> [EXERCISE PROMPT]: In your copy, leave out the pictures and output only the lines from the one holding "Fritz- Kistler Haus, Pasing." through the end of the data below, exactly.

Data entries
•••

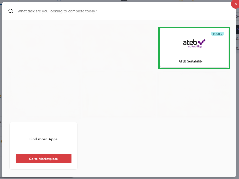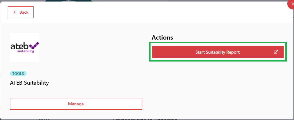 This will present you with a new pop up asking "What task are you looking to complete today?". Click the ATEB Suitability tile:
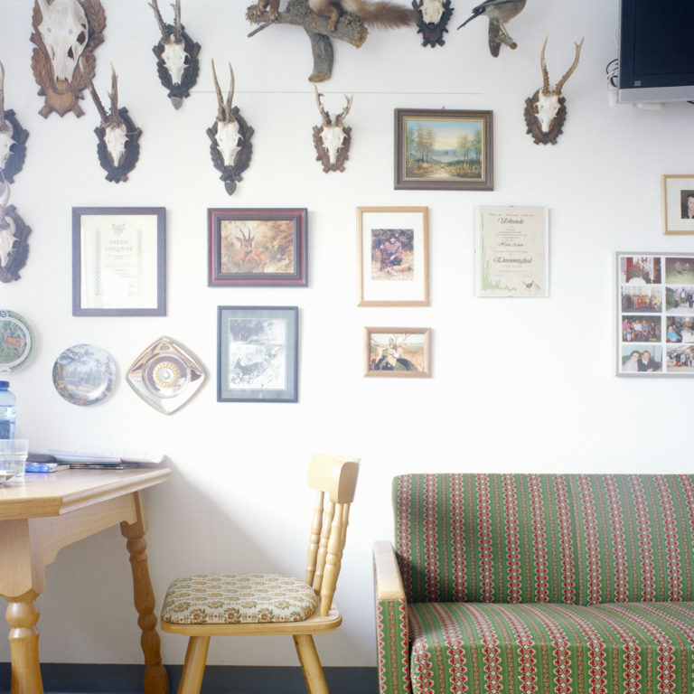 Fritz- Kistler Haus, Pasing. Wohnraum von Herrn Johannes Adam im 5. Stock des in der Einrichtung Fritz- Kistler in der Schmaedelstrasse 29, Muenchen, 19. Januar 2011. Herr Adam, 84, wohnt seit Februar 2010 in der Einrichtung. Ein fruherer Jaeger, Herr Adam, hat als Erinnerung viele Bilder seiner Familie und Andenken aus seiner Zeit als Jaeger in seinem Zimmer aufgehaengt. Fotograf: Evi Lemberger…
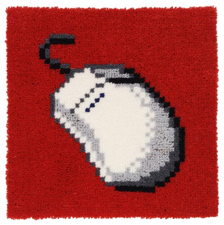 Mouse Mat (Red) 31/07/2007 Hand-tufted section of carpet depicting a computer mouse mat. 30.5 x 30.5cm 100% wool, hessian, silicone |
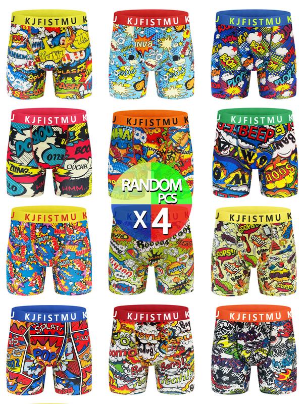 4pcs KJFISTMU Men's Pop-Style Colorful Waistband Athletic Briefs Breathable, Stretchy, Lightweight Men's Boxer Briefs
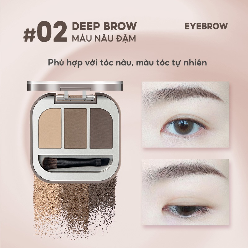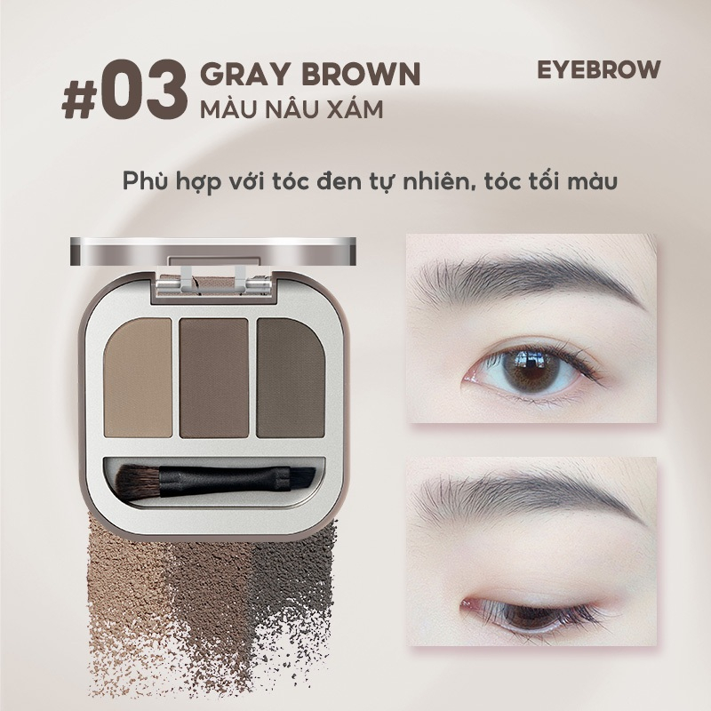 - Chứa 3 ô màu: Nâu nhạt, Nâu trung và Nâu đậm, giúp bạn dễ dàng phối hợp và tạo ra đôi lông mày hoàn hảo.
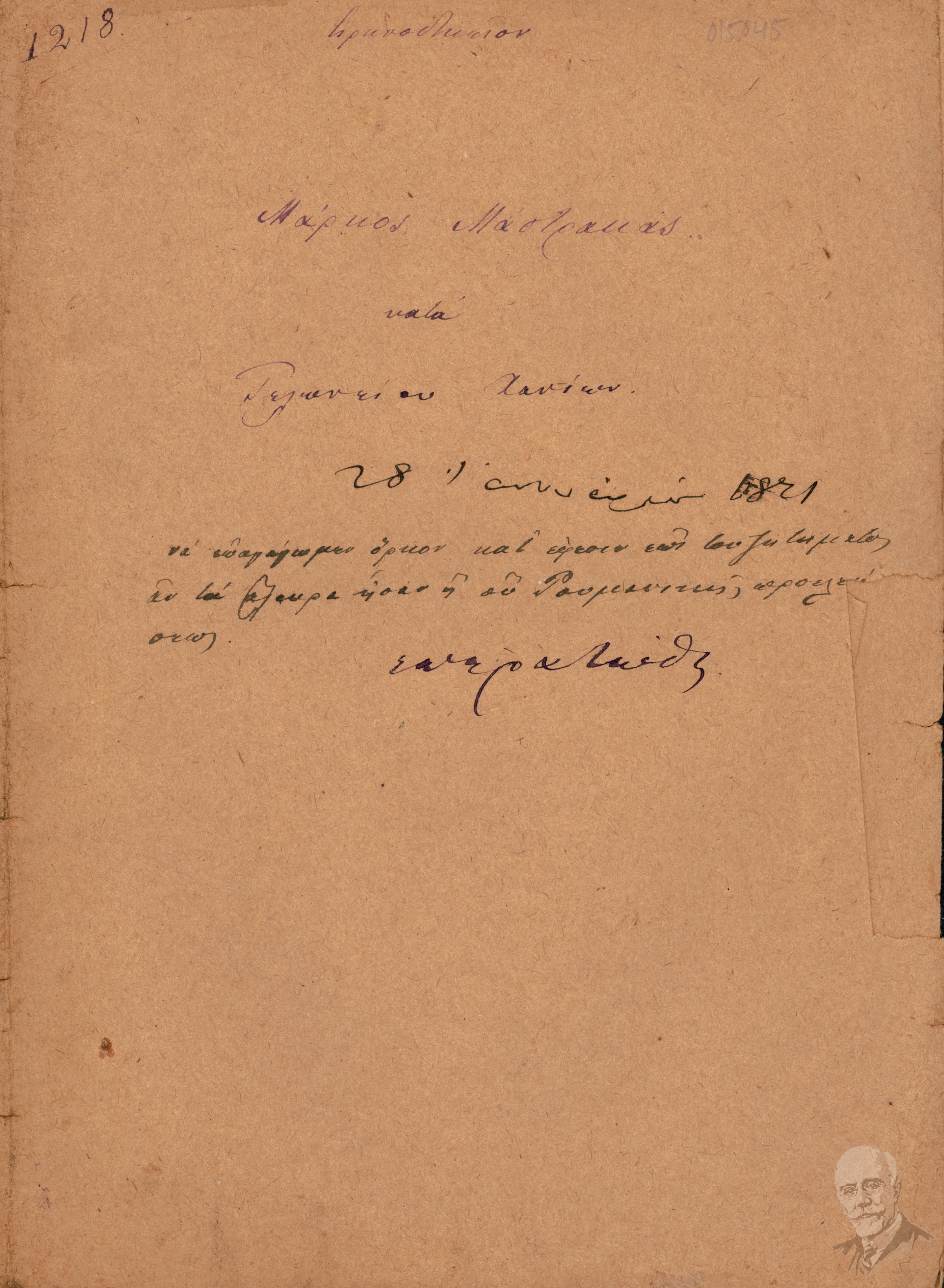 | ΤΙΤΛΟΣ | Φάκελος δικογραφίας με αριθμό 1218, Ειρηνοδικείο, Μάρκος Μαστρακάς κατά Τελωνείου Χανίων |

•••

> [EXERCISE OUTPUT]:
 Fritz- Kistler Haus, Pasing. Wohnraum von Herrn Johannes Adam im 5. Stock des in der Einrichtung Fritz- Kistler in der Schmaedelstrasse 29, Muenchen, 19. Januar 2011. Herr Adam, 84, wohnt seit Februar 2010 in der Einrichtung. Ein fruherer Jaeger, Herr Adam, hat als Erinnerung viele Bilder seiner Familie und Andenken aus seiner Zeit als Jaeger in seinem Zimmer aufgehaengt. Fotograf: Evi Lemberger…
 Mouse Mat (Red) 31/07/2007 Hand-tufted section of carpet depicting a computer mouse mat. 30.5 x 30.5cm 100% wool, hessian, silicone |
 4pcs KJFISTMU Men's Pop-Style Colorful Waistband Athletic Briefs Breathable, Stretchy, Lightweight Men's Boxer Briefs
 - Chứa 3 ô màu: Nâu nhạt, Nâu trung và Nâu đậm, giúp bạn dễ dàng phối hợp và tạo ra đôi lông mày hoàn hảo.
 | ΤΙΤΛΟΣ | Φάκελος δικογραφίας με αριθμό 1218, Ειρηνοδικείο, Μάρκος Μαστρακάς κατά Τελωνείου Χανίων |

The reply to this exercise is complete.